Margaret Atwood nos obliga a recordar, desde este testimonio legado por la protagonista a un mundo futuro, que los derechos humanos, las libertades, la defensa de nuestra individualidad son ideas muy recientes en la historia de la humanidad. Que los totalitarismos deshumanizan desde concepciones inhumanas del poder. Que la religión es la excusa perfecta para afianzar las tiranías. Que las mujeres han sido durante miles de años propiedad de los hombres, sin derecho a decidir sobre sus vidas, ni sobre sus cuerpos.
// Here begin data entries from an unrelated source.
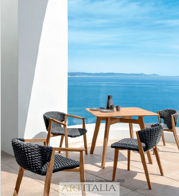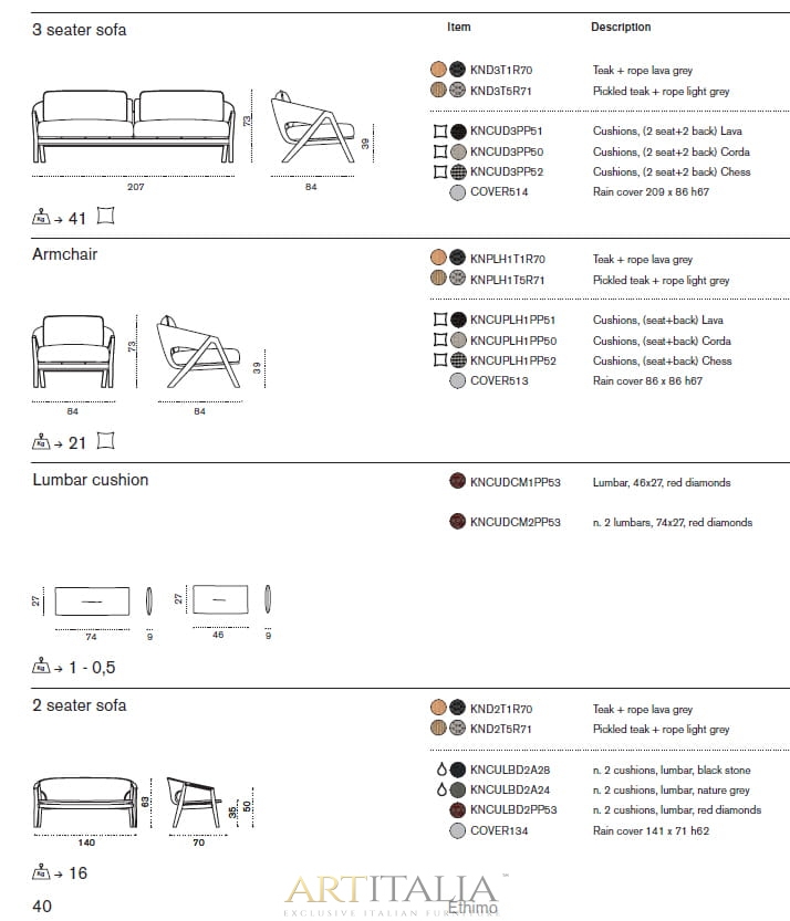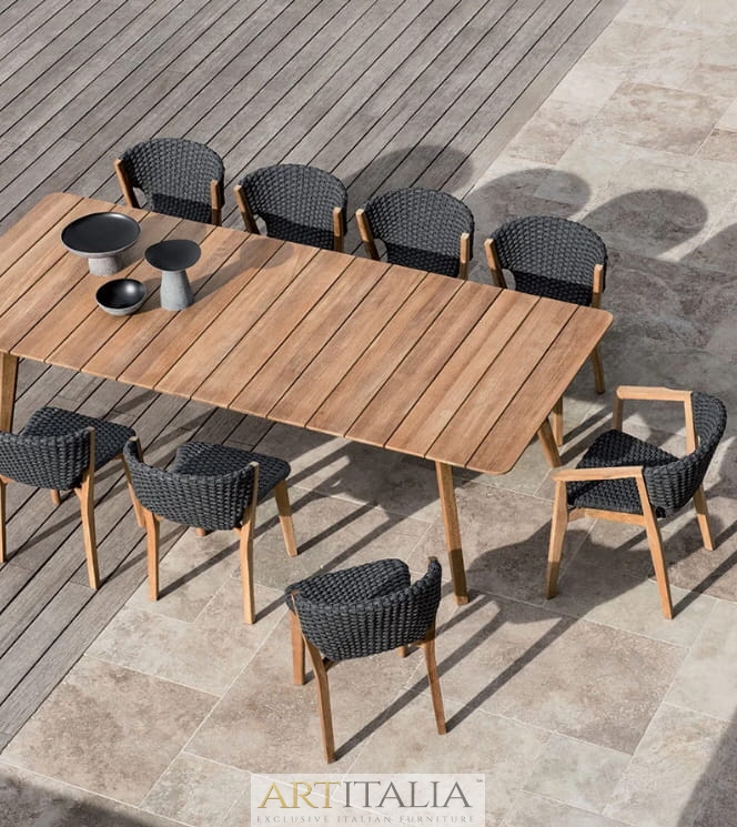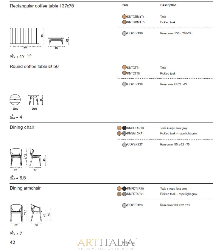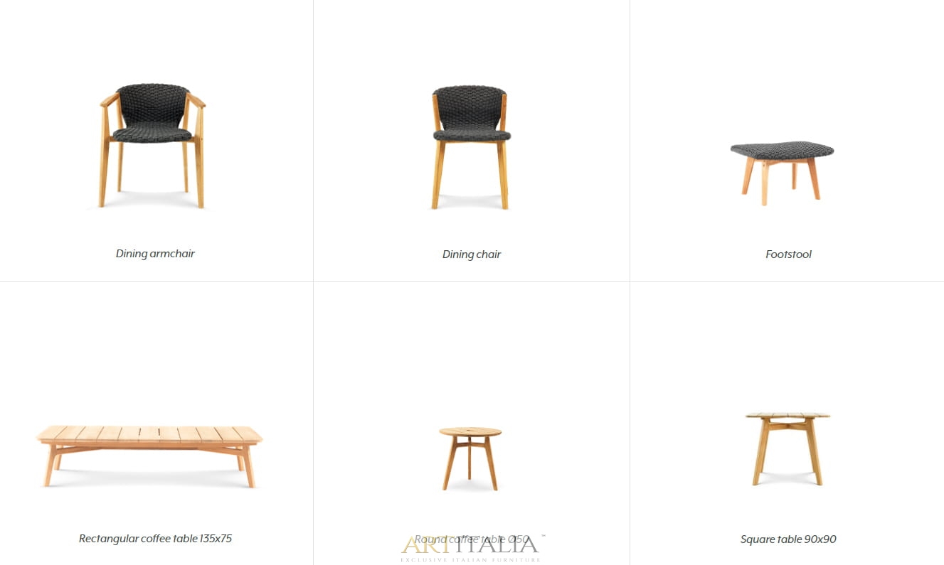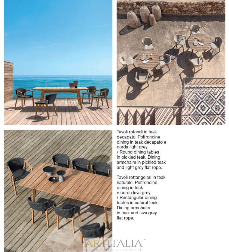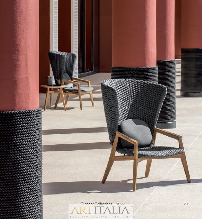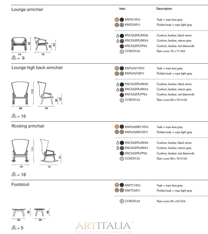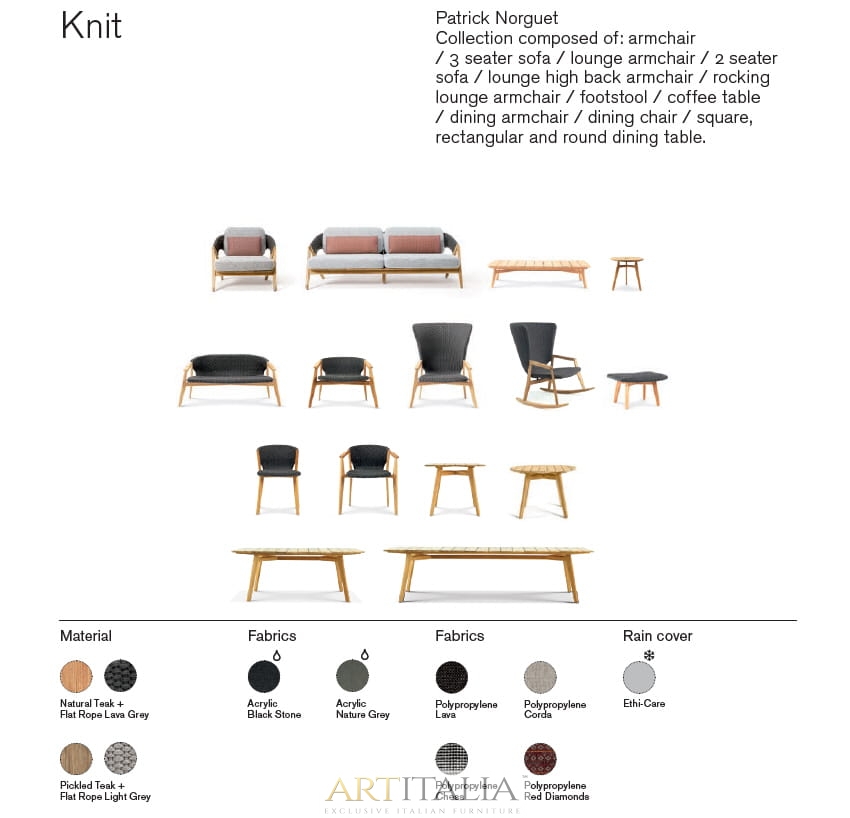 Knit to kolekcja stołów, krzeseł i foteli wypoczynkowych z drewna tekowego i plecionej liny, która z wyrafinowaniem wyraża doskonałą syntezę estetyki, funkcjonalności i ergonomii. Kultowa kolekcja została wzbogacona o nową wersję z konserwowanego drewna tekowego i jasnoszarej liny oraz bujaną wersję fotela z wysokim oparciem.
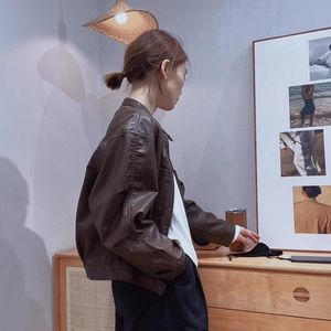 咖色皮衣2025早春新款小个子短款立领小香风夹克外套女春秋款
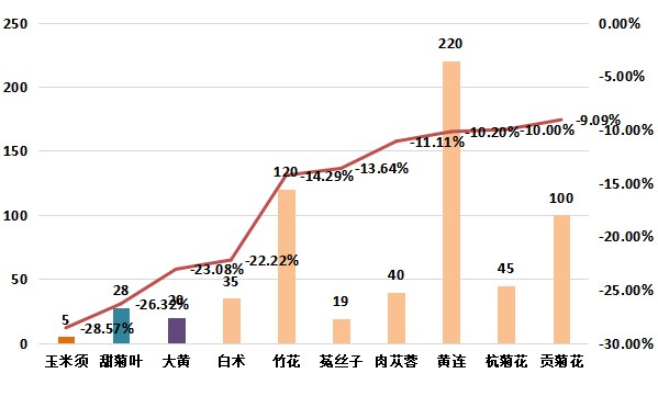 杭菊花:系列中的北京菊花已步入产新期,受近期雨水较多影响,花朵品质受到一定冲击,且含潮量高导致折干率低。目前胎菊新货正处于第一炕加工阶段,市场暂无新货上市,要价较乱。陈货38-45元,朵花陈货优质箱装货37-38元,稍次货23-25元。
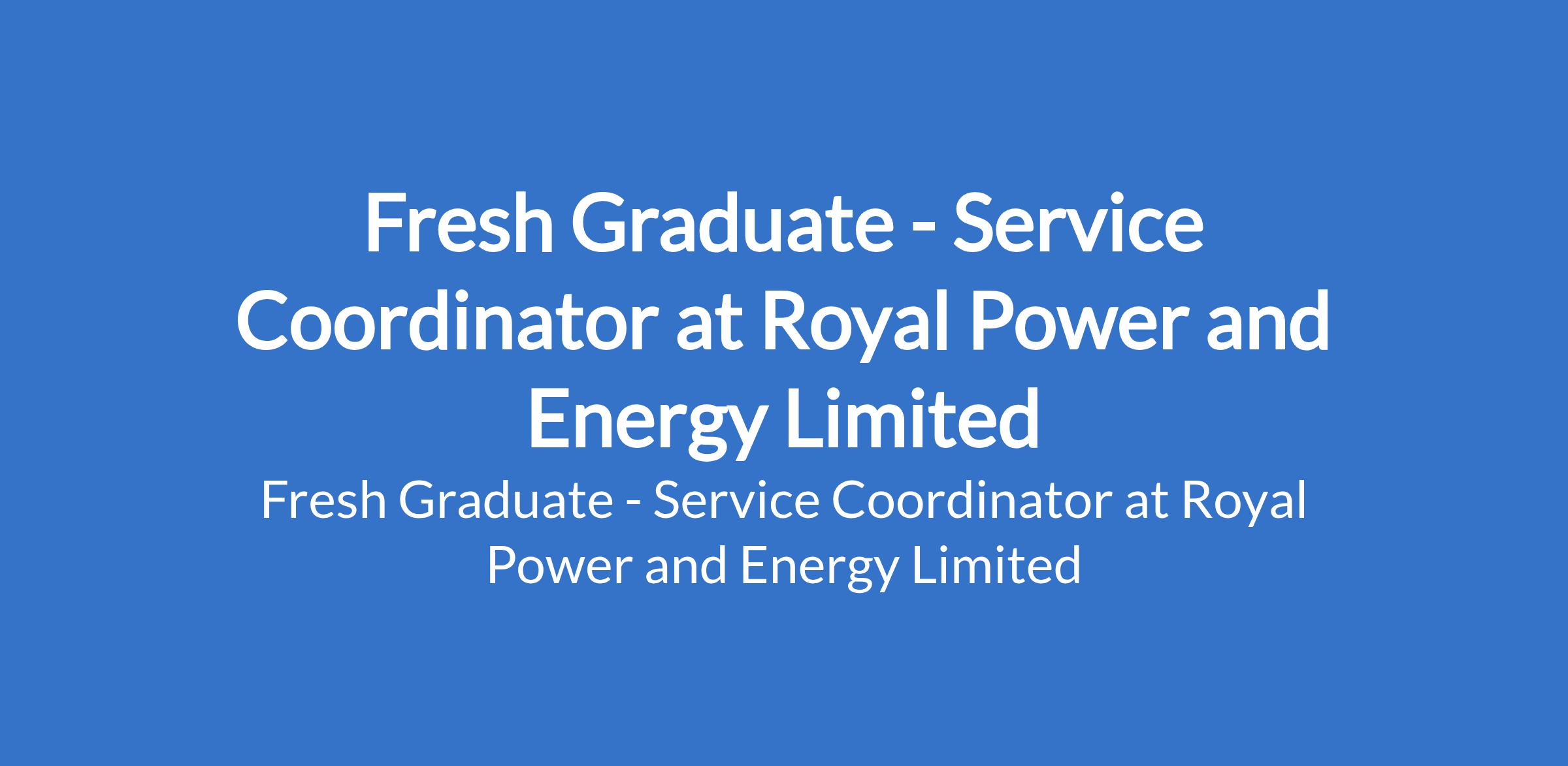 Fresh Graduate - Service Coordinator at Royal Power and Energy Limited

Si bien en Gilead nadie es libre porque los hombres también están encadenados a su propia castración, ellos violan la ley a escondidas, entregándose al libertinaje, al juego, al placer de los sentidos ocultos tras la máscara de su intachable apariencia inmaculada. Para ellas,hasta la hipocresía está vedada. El futuro es el pasado, pero peor.

El cuento de la criadaLa sociedad que pinta El cuento de la criada resulta reconocible en sus perversiones. Y se dedica a denunciarlas para evitar lo que, hasta ahora, ha sido inevitable repetición. Sin dejar de lado el acto de esperanza que también hemos repetido eternamente: salvar, dando a conocer. Dejar un legado útil. Como portadores de una tradición oral ancestral y mágica, los seres humanos contamos cuentos. Fábulas aleccionadoras con moraleja. Notas que guíen, aconsejen a los que vendrán después. Usamos  la palabra en su misión liberadora, subversiva. La experiencia de Defred es dejar grabado  en un casete anacrónico toda la tragedia de un mundo que no aprende, para que un congreso de expertos, muchos años después, examine el testimonio como una curiosidad antropológica que no va a cambiar nada. Escribirán cientos de páginas, intelectualmente impecables, sobre el caso. El cuento de la criada es solamente eso: el cuento de una criada. Pero la esperanza está ahí: intacta, haciendo lo que sabe hacer: esperar.

“No dejes que los bastardos te jodan”, es un grito, una plegaria, un SOS, el verso inicial de un himno para abolir cualquier dogma, cualquier tiranía, cualquier ortodoxia. Parece que lo único que vamos sabiendo con certeza es que los bastardos llegan al poder con frecuencia y se dedican a tener la última palabra. Y que la palabra legítima es el más temido poder. Ambas cosas deberían servirnos para exorcizar demonios conocidos de ahora en adelante. Seguiremos esperando.